Dodgers designated hitter Shohei Ohtani runs the bases, Sunday, after hitting a single in the ninth inning against the Cincinnati Reds at Great American Ball Park. Eight months after undergoing Tommy John surgery, the Los Angeles Dodgers superstar is throwing a baseball from 60 feet — and his pitches have reached 80 miles per hour.

Eight months after undergoing Tommy John surgery, Los Angeles Dodgers superstar Shohei Ohtani is throwing a baseball from 60 feet — and his pitches have reached 80 miles per hour.

Ohtani, who is not expected to pitch in games until 2025, provided an update on his recovery Monday.

“Usually anywhere from 60-70 pitches, in that distance,” Ohtani said through an interpreter before Monday’s game against the New York Mets, which was postponed due to rain. “Just continuing to increase the distance and the pitches, and just seeing where that goes.
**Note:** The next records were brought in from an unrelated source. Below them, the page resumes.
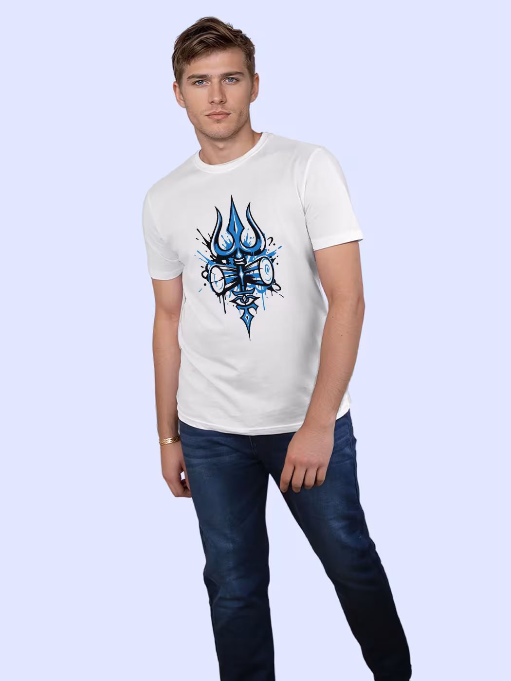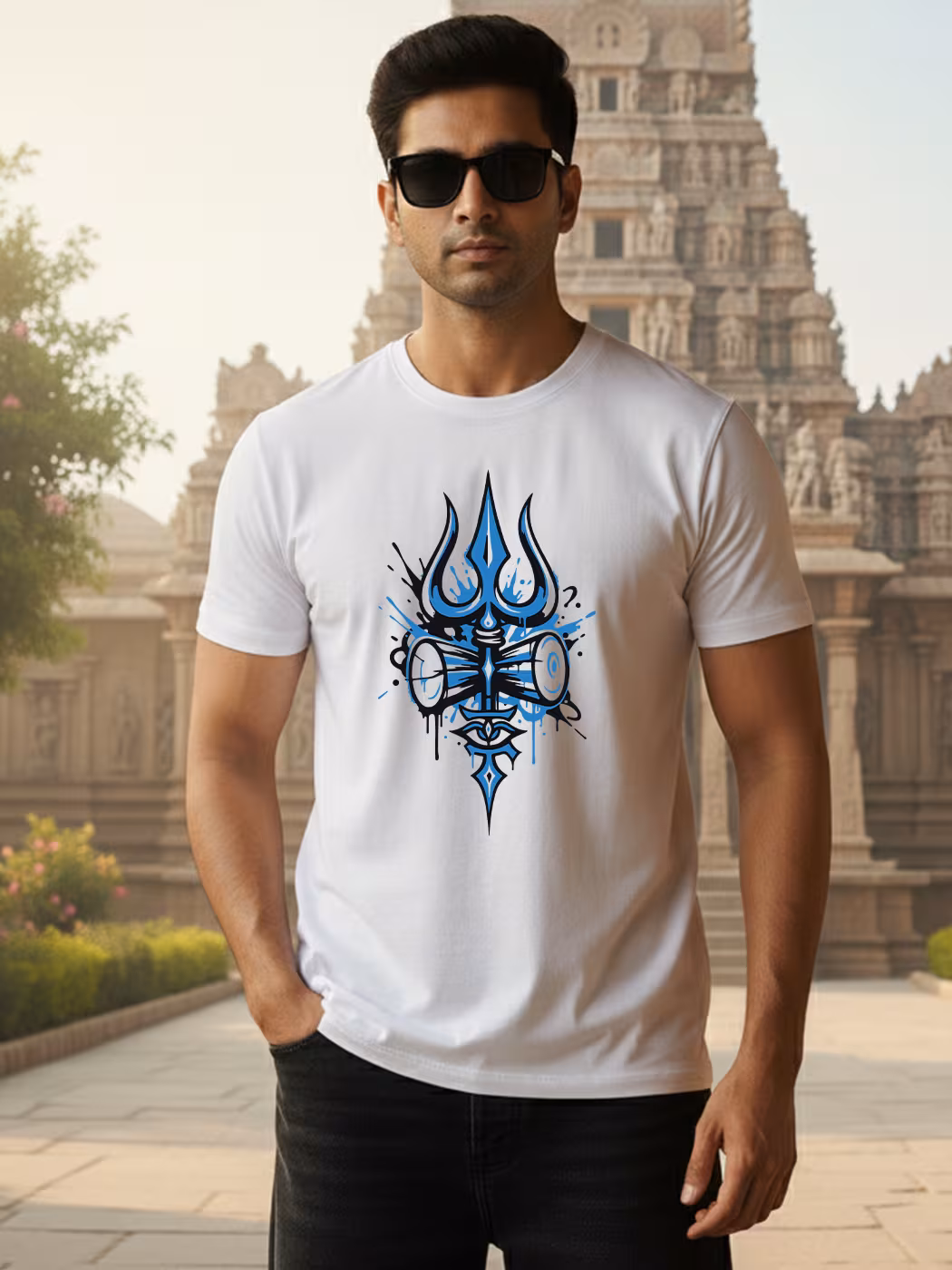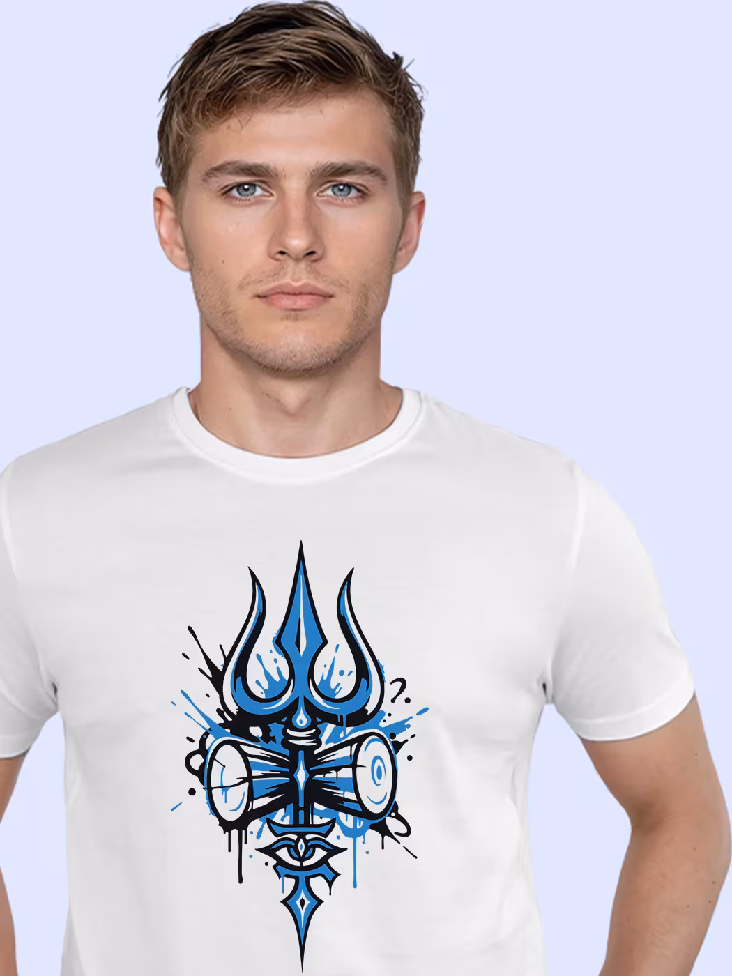 Trishul Art T-Shirt for men showcases divine symbolism in style. Perfect blend of faith, culture, and comfort for those inspired by Mahadev’s strength.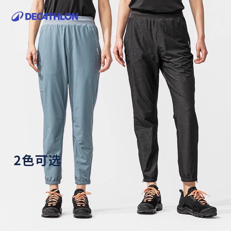 迪卡侬速干裤女户外运动休闲弹力拉链束脚春秋长裤男ODT2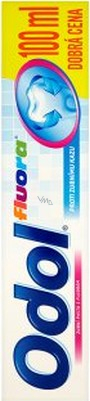 Zubní pasta s aktivním fluorem. Pomáhá chránit proti zubnímu kazu.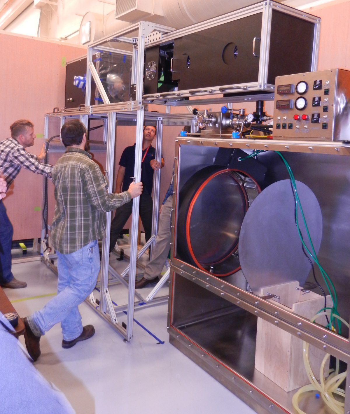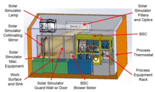 科學(xué)家聯(lián)系了我們,需要開發(fā)定制的太陽(yáng)能模擬器,以實(shí)現(xiàn)政府的高度優(yōu)先研究計(jì)劃。他們對(duì)研究高層大氣中的空氣污染效應(yīng)和光化學(xué)具有獨(dú)特而特殊的光譜要求??蛻舻臉悠肥沂且粋€(gè)裝有懸浮氣溶膠的旋轉(zhuǎn)圓柱鼓,需要均勻和準(zhǔn)直的照明。但是,狹窄的實(shí)驗(yàn)室空間以及連接到樣品桶的其他設(shè)備的存在對(duì)我們提出的解決方案施加了多個(gè)限制。

I’m not quite sure how far I’m going to go out there, but that’s the progression.”

Ohtani underwent Tommy John surgery — the second of his career — in September as a member of the Los Angeles Angels. The recovery hasn’t slowed him down at the plate, where he leads the majors in batting average (.336). He also leads the National League in slugging percentage (.621) and OPS (1.024) and paces the Dodgers in home runs (13) and stolen bases (13).

Ohtani, who has appeared in 53 of L.A.’s 55 games as a designated hitter, has recently been playing through a hamstring contusion he suffered during a pickoff throw last week. He has remained in the lineup — Ohtani hasn’t missed a game since May 12 — but manager Dave Roberts told him to “be smart” with it.

Ohtani, who turns 30 on July 5, signed a 10-year, $700 million contract with the Dodgers this offseason. The two-way star won American League MVP awards in 2021 and 2023 in part for his prowess on the mound; over the last three seasons, he produced a 2.84 ERA in 72 starts, with 542 strikeouts in 428 1/3 innings pitched.